My Dad was cut from the same mold. It took a lot to finally convince him he couldn't be on his own and the idea of moving in with us was much more pleasant to him than going in a care home at that time.

Sending thoughts and prayers your way, SB. {{{{{{{{{{{{{ Simonbaker & her Mom }}}}}}}}}}}}}
 
It is so hard to know and live through the notion that your parent has the right to fail. Sometimes this has to be proven to them. We have let people go home from our facility that we knew were not capable, because it is their right to go home. I know it sounds horrible, but when they are adamant to do things on their own...all you can do is be ready to pick up the pieces and continue to offer support and help. All of you good children are doing just fine in the support and advice department, but they are adults and allowed to continue making their own mistakes.
 
It is so hard to know and live through the notion that your parent has the right to fail.
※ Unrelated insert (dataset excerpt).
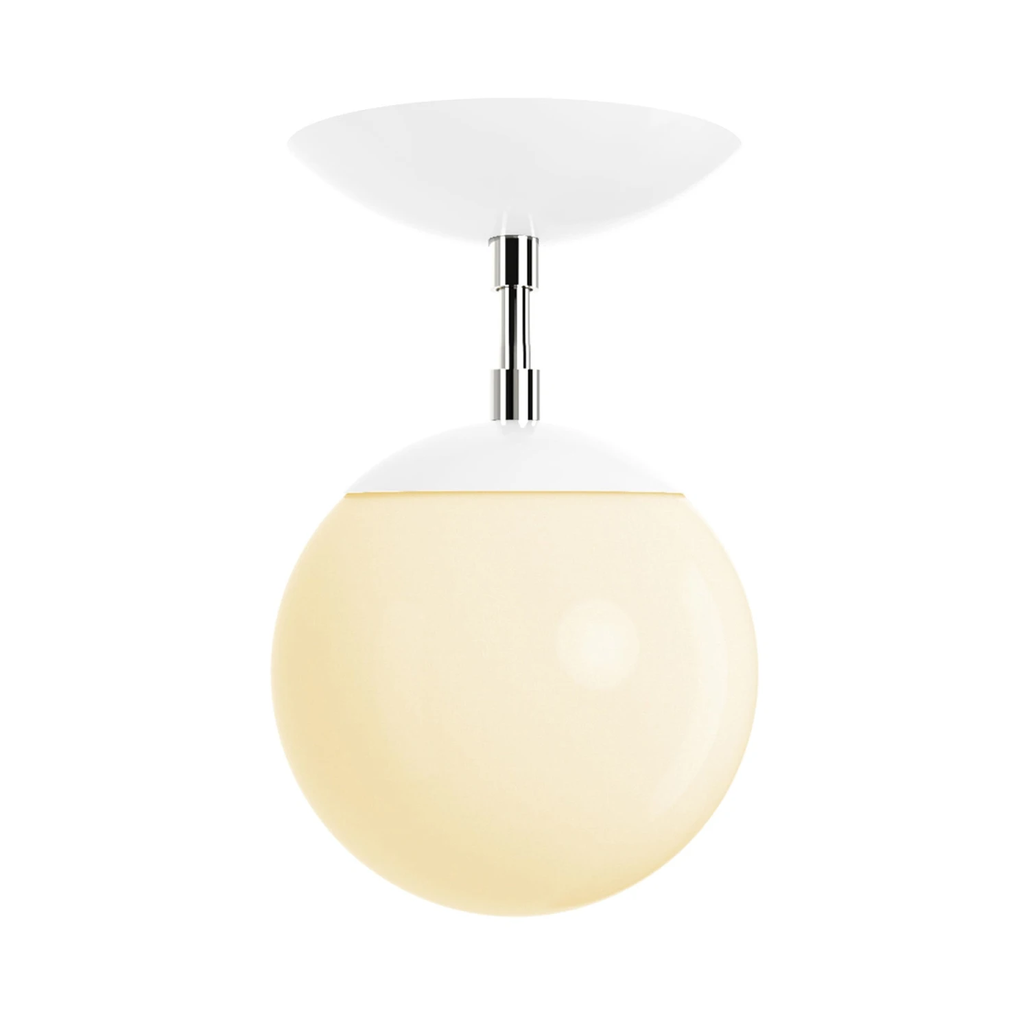 The Color Cap Globe Flush Mount 6″ is our smallest globe light fixture. This fixture works well in spaces ranging from traditional to mid-century modern. Built to hug the ceiling, try one or more of these light fixtures in areas with low ceilings or high swinging doors.

Sometimes this has to be proven to them. We have let people go home from our facility that we knew were not capable, because it is their right to go home. I know it sounds horrible, but when they are adamant to do things on their own...all you can do is be ready to pick up the pieces and continue to offer support and help. All of you good children are doing just fine in the support and advice department, but they are adults and allowed to continue making their own mistakes.
Very well put PF.

I just have to think about how I would feel in the parent's place.
 
It is so hard to know and live through the notion that your parent has the right to fail. Sometimes this has to be proven to them. We have let people go home from our facility that we knew were not capable, because it is their right to go home. I know it sounds horrible, but when they are adamant to do things on their own...all you can do is be ready to pick up the pieces and continue to offer support and help. All of you good children are doing just fine in the support and advice department, but they are adults and allowed to continue making their own mistakes.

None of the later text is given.